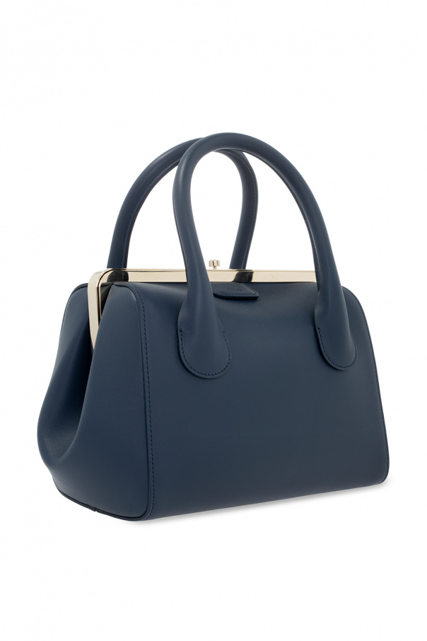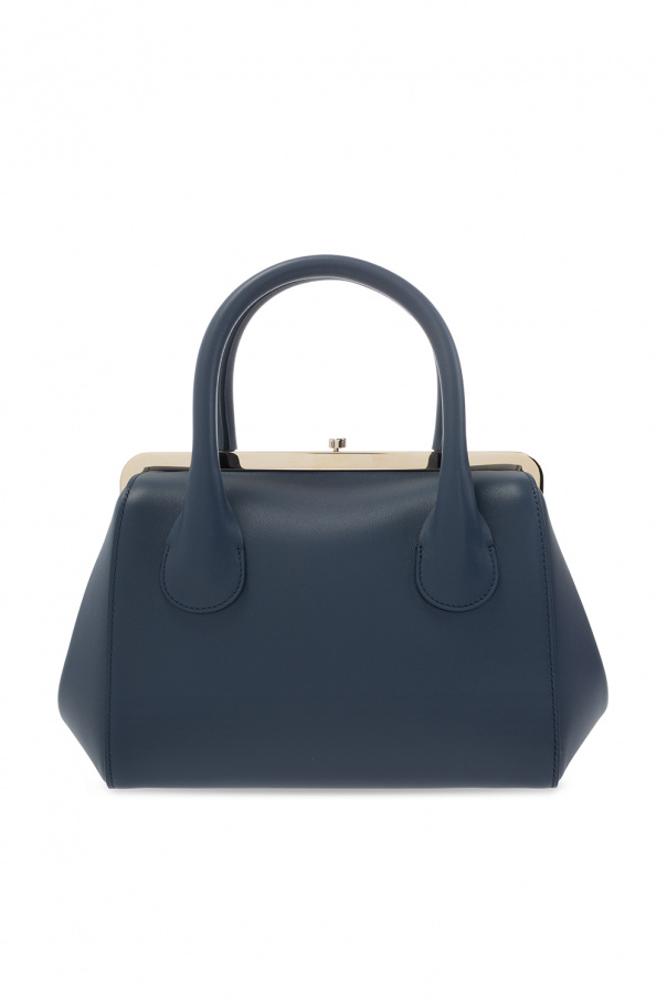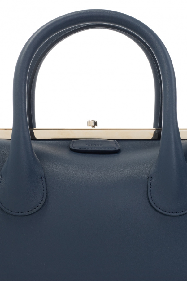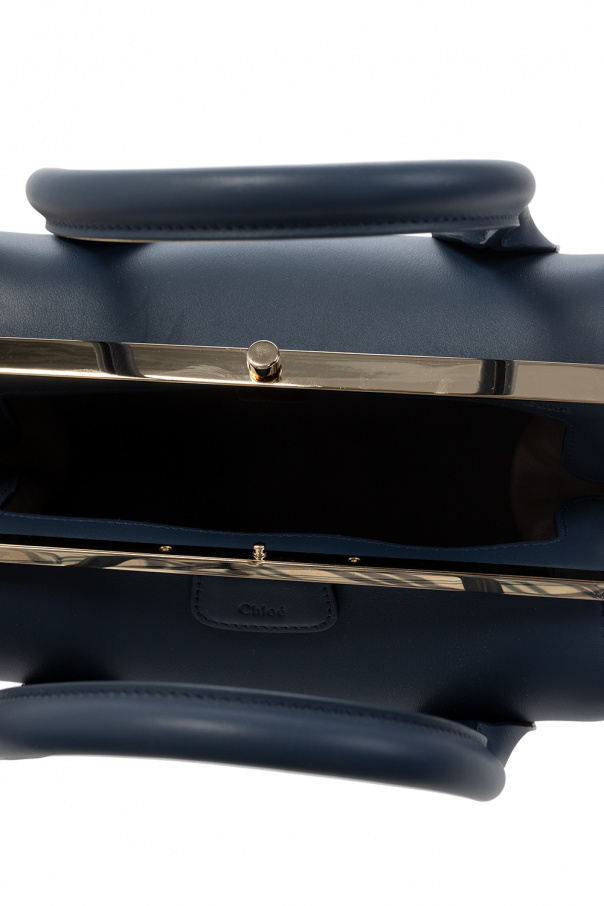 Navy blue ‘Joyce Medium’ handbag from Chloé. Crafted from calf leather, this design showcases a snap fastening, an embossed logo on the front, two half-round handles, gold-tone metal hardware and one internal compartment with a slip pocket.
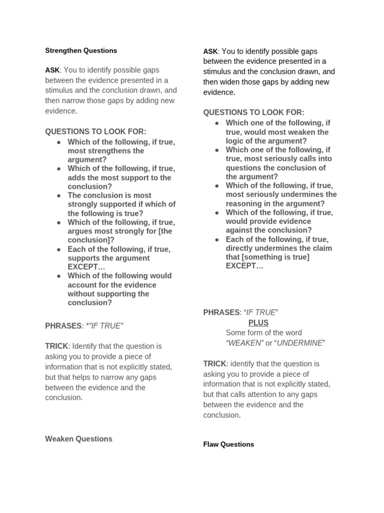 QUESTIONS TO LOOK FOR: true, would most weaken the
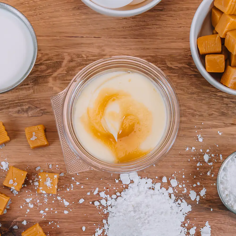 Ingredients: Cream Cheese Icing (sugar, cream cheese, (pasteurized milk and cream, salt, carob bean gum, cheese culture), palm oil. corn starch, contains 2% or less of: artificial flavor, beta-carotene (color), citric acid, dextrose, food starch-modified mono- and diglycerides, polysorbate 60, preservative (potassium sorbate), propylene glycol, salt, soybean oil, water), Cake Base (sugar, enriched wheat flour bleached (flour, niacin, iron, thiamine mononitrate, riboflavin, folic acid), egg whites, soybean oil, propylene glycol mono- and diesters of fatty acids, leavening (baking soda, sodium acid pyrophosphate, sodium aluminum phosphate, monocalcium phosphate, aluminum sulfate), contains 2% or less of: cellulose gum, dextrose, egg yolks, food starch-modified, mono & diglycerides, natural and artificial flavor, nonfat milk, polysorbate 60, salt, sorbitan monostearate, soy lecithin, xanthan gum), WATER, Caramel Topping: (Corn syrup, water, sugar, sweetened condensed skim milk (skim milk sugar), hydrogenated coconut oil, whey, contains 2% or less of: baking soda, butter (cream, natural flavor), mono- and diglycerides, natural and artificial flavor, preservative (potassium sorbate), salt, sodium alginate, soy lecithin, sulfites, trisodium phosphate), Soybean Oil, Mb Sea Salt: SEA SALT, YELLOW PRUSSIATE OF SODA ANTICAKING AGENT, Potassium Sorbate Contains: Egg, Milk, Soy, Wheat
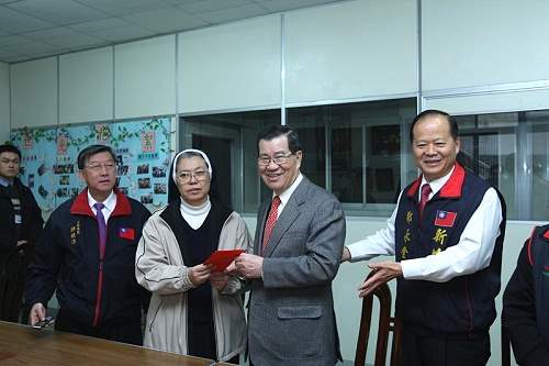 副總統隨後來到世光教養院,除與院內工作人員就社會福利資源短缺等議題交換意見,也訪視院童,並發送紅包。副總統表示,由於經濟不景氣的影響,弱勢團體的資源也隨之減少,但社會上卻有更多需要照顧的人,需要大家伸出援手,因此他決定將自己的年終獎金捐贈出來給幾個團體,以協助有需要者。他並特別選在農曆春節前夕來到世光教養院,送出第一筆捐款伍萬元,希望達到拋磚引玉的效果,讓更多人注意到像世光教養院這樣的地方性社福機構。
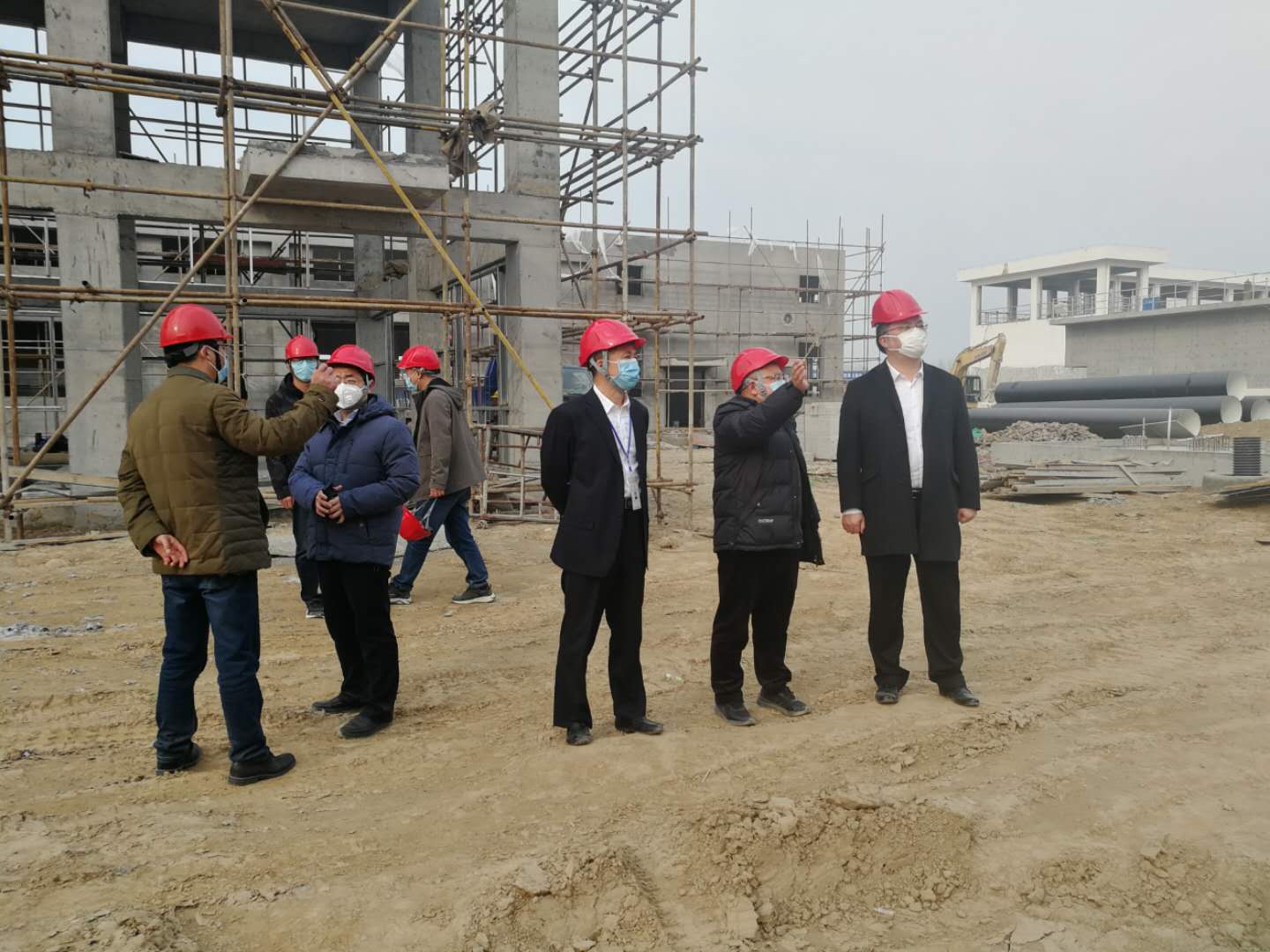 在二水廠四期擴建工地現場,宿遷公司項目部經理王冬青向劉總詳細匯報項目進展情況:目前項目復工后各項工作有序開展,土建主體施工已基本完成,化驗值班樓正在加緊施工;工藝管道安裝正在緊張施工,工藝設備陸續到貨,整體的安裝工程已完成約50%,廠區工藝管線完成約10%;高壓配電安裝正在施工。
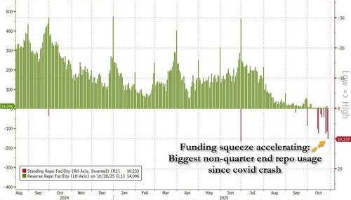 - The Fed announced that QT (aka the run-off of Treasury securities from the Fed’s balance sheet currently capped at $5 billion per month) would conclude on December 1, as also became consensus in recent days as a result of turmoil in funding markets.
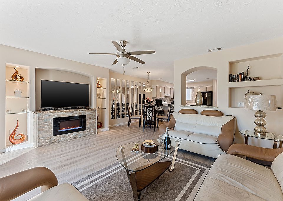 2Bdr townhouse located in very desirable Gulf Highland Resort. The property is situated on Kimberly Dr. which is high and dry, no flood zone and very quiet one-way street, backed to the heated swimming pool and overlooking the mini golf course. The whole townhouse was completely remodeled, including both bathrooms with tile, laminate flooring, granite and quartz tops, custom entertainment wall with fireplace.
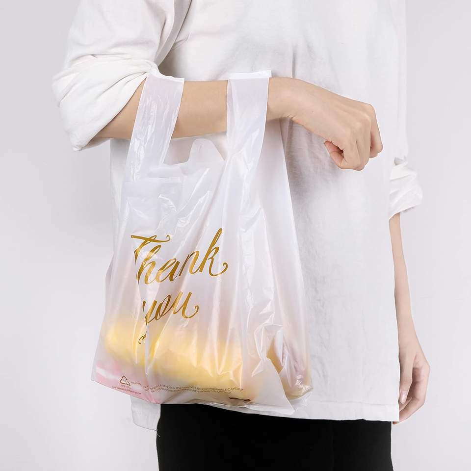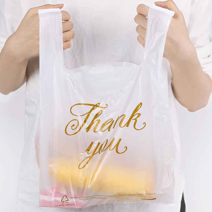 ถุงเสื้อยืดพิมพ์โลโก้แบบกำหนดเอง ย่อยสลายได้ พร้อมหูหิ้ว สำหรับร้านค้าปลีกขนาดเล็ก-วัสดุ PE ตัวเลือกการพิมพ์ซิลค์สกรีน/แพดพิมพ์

= = = = =

Give an exact copy of the data, and omit any pictures it holds.

Output:
 Navy blue ‘Joyce Medium’ handbag from Chloé. Crafted from calf leather, this design showcases a snap fastening, an embossed logo on the front, two half-round handles, gold-tone metal hardware and one internal compartment with a slip pocket.
 QUESTIONS TO LOOK FOR: true, would most weaken the
 Ingredients: Cream Cheese Icing (sugar, cream cheese, (pasteurized milk and cream, salt, carob bean gum, cheese culture), palm oil. corn starch, contains 2% or less of: artificial flavor, beta-carotene (color), citric acid, dextrose, food starch-modified mono- and diglycerides, polysorbate 60, preservative (potassium sorbate), propylene glycol, salt, soybean oil, water), Cake Base (sugar, enriched wheat flour bleached (flour, niacin, iron, thiamine mononitrate, riboflavin, folic acid), egg whites, soybean oil, propylene glycol mono- and diesters of fatty acids, leavening (baking soda, sodium acid pyrophosphate, sodium aluminum phosphate, monocalcium phosphate, aluminum sulfate), contains 2% or less of: cellulose gum, dextrose, egg yolks, food starch-modified, mono & diglycerides, natural and artificial flavor, nonfat milk, polysorbate 60, salt, sorbitan monostearate, soy lecithin, xanthan gum), WATER, Caramel Topping: (Corn syrup, water, sugar, sweetened condensed skim milk (skim milk sugar), hydrogenated coconut oil, whey, contains 2% or less of: baking soda, butter (cream, natural flavor), mono- and diglycerides, natural and artificial flavor, preservative (potassium sorbate), salt, sodium alginate, soy lecithin, sulfites, trisodium phosphate), Soybean Oil, Mb Sea Salt: SEA SALT, YELLOW PRUSSIATE OF SODA ANTICAKING AGENT, Potassium Sorbate Contains: Egg, Milk, Soy, Wheat
 副總統隨後來到世光教養院,除與院內工作人員就社會福利資源短缺等議題交換意見,也訪視院童,並發送紅包。副總統表示,由於經濟不景氣的影響,弱勢團體的資源也隨之減少,但社會上卻有更多需要照顧的人,需要大家伸出援手,因此他決定將自己的年終獎金捐贈出來給幾個團體,以協助有需要者。他並特別選在農曆春節前夕來到世光教養院,送出第一筆捐款伍萬元,希望達到拋磚引玉的效果,讓更多人注意到像世光教養院這樣的地方性社福機構。
 在二水廠四期擴建工地現場,宿遷公司項目部經理王冬青向劉總詳細匯報項目進展情況:目前項目復工后各項工作有序開展,土建主體施工已基本完成,化驗值班樓正在加緊施工;工藝管道安裝正在緊張施工,工藝設備陸續到貨,整體的安裝工程已完成約50%,廠區工藝管線完成約10%;高壓配電安裝正在施工。
 - The Fed announced that QT (aka the run-off of Treasury securities from the Fed’s balance sheet currently capped at $5 billion per month) would conclude on December 1, as also became consensus in recent days as a result of turmoil in funding markets.
 2Bdr townhouse located in very desirable Gulf Highland Resort. The property is situated on Kimberly Dr. which is high and dry, no flood zone and very quiet one-way street, backed to the heated swimming pool and overlooking the mini golf course. The whole townhouse was completely remodeled, including both bathrooms with tile, laminate flooring, granite and quartz tops, custom entertainment wall with fireplace.
 ถุงเสื้อยืดพิมพ์โลโก้แบบกำหนดเอง ย่อยสลายได้ พร้อมหูหิ้ว สำหรับร้านค้าปลีกขนาดเล็ก-วัสดุ PE ตัวเลือกการพิมพ์ซิลค์สกรีน/แพดพิมพ์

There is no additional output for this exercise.